4. The apparatus of claim 3, wherein the controller is further configured to select the third plurality of bits.

5. The apparatus of claim 4, wherein the controller is further configured to select the third plurality of bits based on a weight utilized in an artificial neural network.

6. The apparatus of claim 1, wherein the MAC unit is configured to map the first plurality of bits to the third plurality of bits utilizing a look up table.

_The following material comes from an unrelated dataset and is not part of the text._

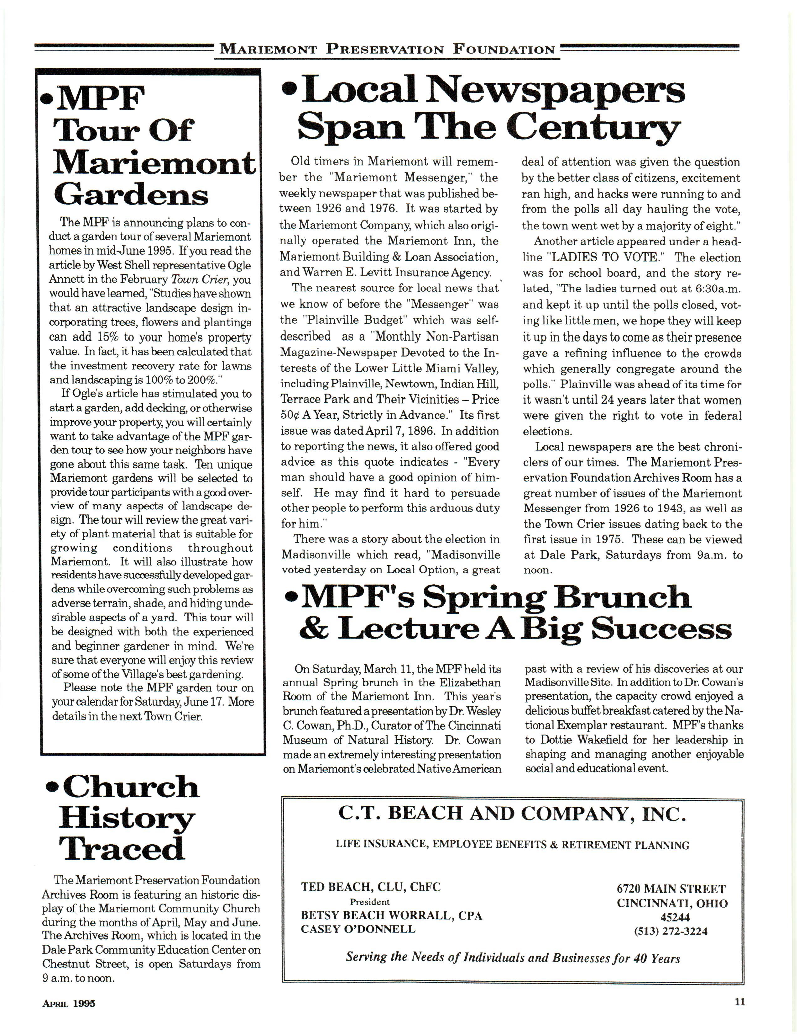 Mariemont Town Crier, April 1995, Vol. 24, No. 7 by Mariemont Town Crier - Issuu

7. The apparatus of claim 1, wherein the MAC unit is configured to map the first plurality of bits to the third plurality of bits utilizing combination logic.

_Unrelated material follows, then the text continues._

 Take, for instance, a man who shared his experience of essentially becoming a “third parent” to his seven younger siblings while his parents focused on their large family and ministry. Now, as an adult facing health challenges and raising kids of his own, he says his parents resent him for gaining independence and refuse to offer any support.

8. The apparatus of claim 1, wherein the MAC unit is configured to map the first plurality of bits to the third plurality of bits consistent with a non-linear mapping of a first plurality of bit-strings to a second plurality of bit-strings.

9. The apparatus of claim 1, wherein the MAC unit further comprises selector circuitry configured to assign a high half of the first data to the first plurality of bits.

10. The apparatus of claim 9, wherein the MAC unit further comprises selector circuitry configured to assign a low half of the first data to the first plurality of bits.

11. A method, comprising:

receiving a first input at a multiply-accumulate (MAC) unit from a memory array, wherein the first input is indicative of 8 bits of data;

receiving a second input at the MAC unit from the memory array, wherein the second input is indicative of 8 bits of data; and

responsive to a selection signal having a first value:

partitioning the 8 bits of data from the first input into a first plurality of bits and a second plurality of bits, each including 4 bits;

mapping the first plurality of bits to a third plurality of bits including 8 bits; and

performing a first multiplication operation utilizing the third plurality of bits and the 8 bits of data from the second input.

12. The method of claim 11, further comprising, responsive to the selection signal having a second value:

performing a second multiplication operation utilizing the 8 bits of data from the first input and the 8 bits of data from the second input.

13. The method of claim 11, further comprising, responsive to the selection signal having the first value, mapping the second plurality of bits to a fourth plurality of bits.

14. The method of claim 13, further comprising, responsive to the selection signal having the first value, performing a third multiplication operation utilizing the fourth plurality of bits generated from the second plurality of bits and the 8 bits of data from the second input.

15. The method of claim 11, further comprising, determining using a controller whether to operate the MAC unit to perform 4-bit multiplication operations or 8-bit multiplication operations.

16. The method of claim 15, wherein responsive to determining to perform a 4-bit multiplication operation, providing, via the controller, the selection signal having the first value to the MAC unit.

17. The method of claim 16, wherein responsive to determining to perform an 8-bit multiplication operation, providing, via the controller, the selection signal having the second value to the MAC unit.

18. The method of claim 16, further comprising accumulating a first output to a first multiplication operation and a second output to the second multiplication operation.

19. An apparatus, comprising:

a first array of memory cells;

a second array of memory cells;

a multiply-accumulate (MAC) unit coupled to the first array of memory cells and to the second array of memory cells and configured to:

receive a first input indicative of 16 bits of data from the first array of memory cells;

receive a second input indicative of 16 bits of data from the second array of memory cells;

divide the 16 bits from the first input into a first plurality of bits and a second plurality of bits each including 8 bits;

map the first plurality of bits to a third plurality of bits including 16 bits; and

perform a multiplication operation utilizing the third plurality of bits and the 16 bits from the second input.

20. The apparatus of claim 19, wherein the MAC unit is further configured to receive a mapping of a first plurality of bit-strings to a second plurality of bit-strings from the second array of memory cells.